That is an interesting compilation issue we don't see on newer CUDA versions. I will probably need a bit more time to debug that issue. I will try to setup CUDA 10 on my system again so I can debug it more directly and fix any further issues with CUDA 10. I will let you know when I have a fix for you.

Jaeyoung-Lim commented 1 month ago

@bogidude Thanks!

bogidude commented 1 month ago

@Jaeyoung-Lim I pushed a new commit to that same branch that should fix all of the CUDA 10 compilation issues. Can you try it on your system and verify you can compile and run the examples?

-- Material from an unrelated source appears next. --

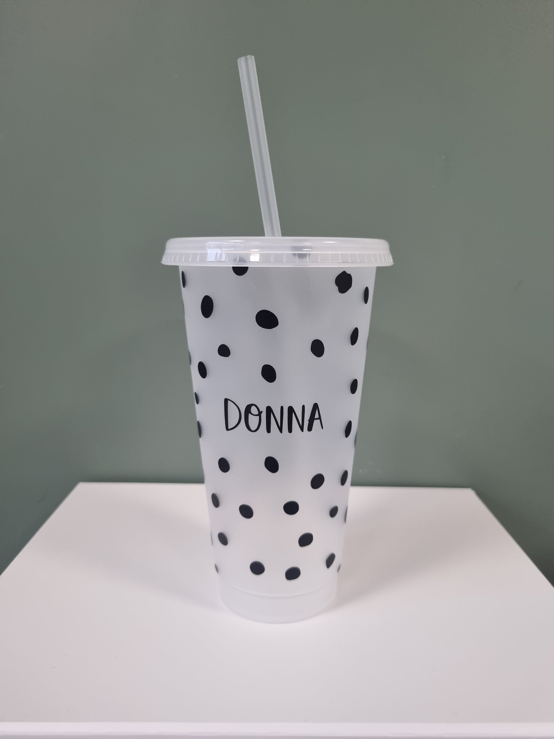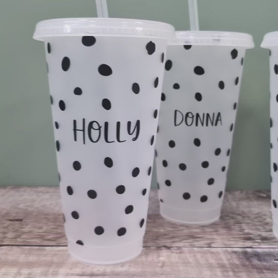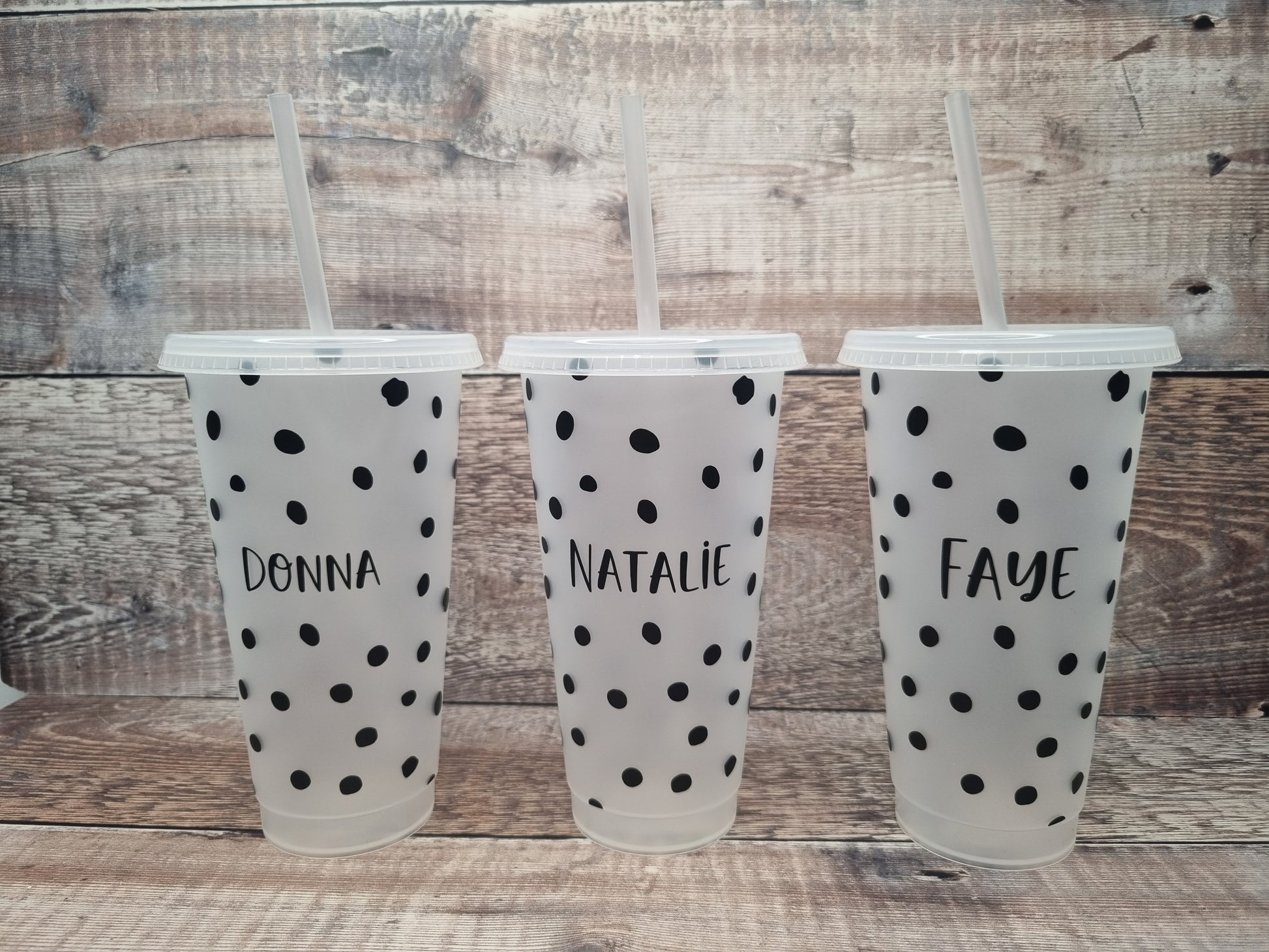These personalised 24oz cold cups are made from durable, hard frosted plastic and include a reusable lid and straw (perfect for minimising waste). Add your own flare by personalising with your name - just leave your details in the box. The spotted design comes in over 5 colours, making it perfect for Hen Parties, all inclusive holidays, girls' getaways, or simply for use at home or work. Remember to hand wash these cups and avoid submerging in water to keep the permanent vinyl intact. Each set includes the cup, lid, and straw.

Jaeyoung-Lim commented 1 month ago

@bogidude Thanks for the quick fix!

That fixed the problem. Could you maybe explain what you had to adjust to make it compatible with Cuda 10.1?

bogidude commented 1 month ago

We have a params structure specific to each dynamics class. For example, the cartpole one is called CartpoleDynamicsParams. The params structures define enums for the states and controls so that you can refer to the VEL_X state instead of having to remember the order of values. To facilitate using these enums, we created various macros like S_INDEX and C_INDEX. So the expected use of these enums would be state[S_INDEX(VEL_X)] versus state[0] inside the dynamics. The way we had defined these macros ended up becoming decltype(params)::StateIndex::VEL_X which would not compile in CUDA 10 for some reason. In our base Dynamics class, we have a type alias for the params DYN_PARAMS_T which we could use in the macro instead. Because of C++ template inheritance intricacies, you can't use DYN_PARAMS_T directly in a class that inherits from the Dynamics template. Instead, you need to specify the parent dynamics class and then use PARENT_CLASS::DYN_PARAMS_T. I changed the macros to use this formulation. This means that any future dynamics classes will need to define PARENT_CLASS to be able to use the macros, but we have already been doing this for nearly all of our dynamics already.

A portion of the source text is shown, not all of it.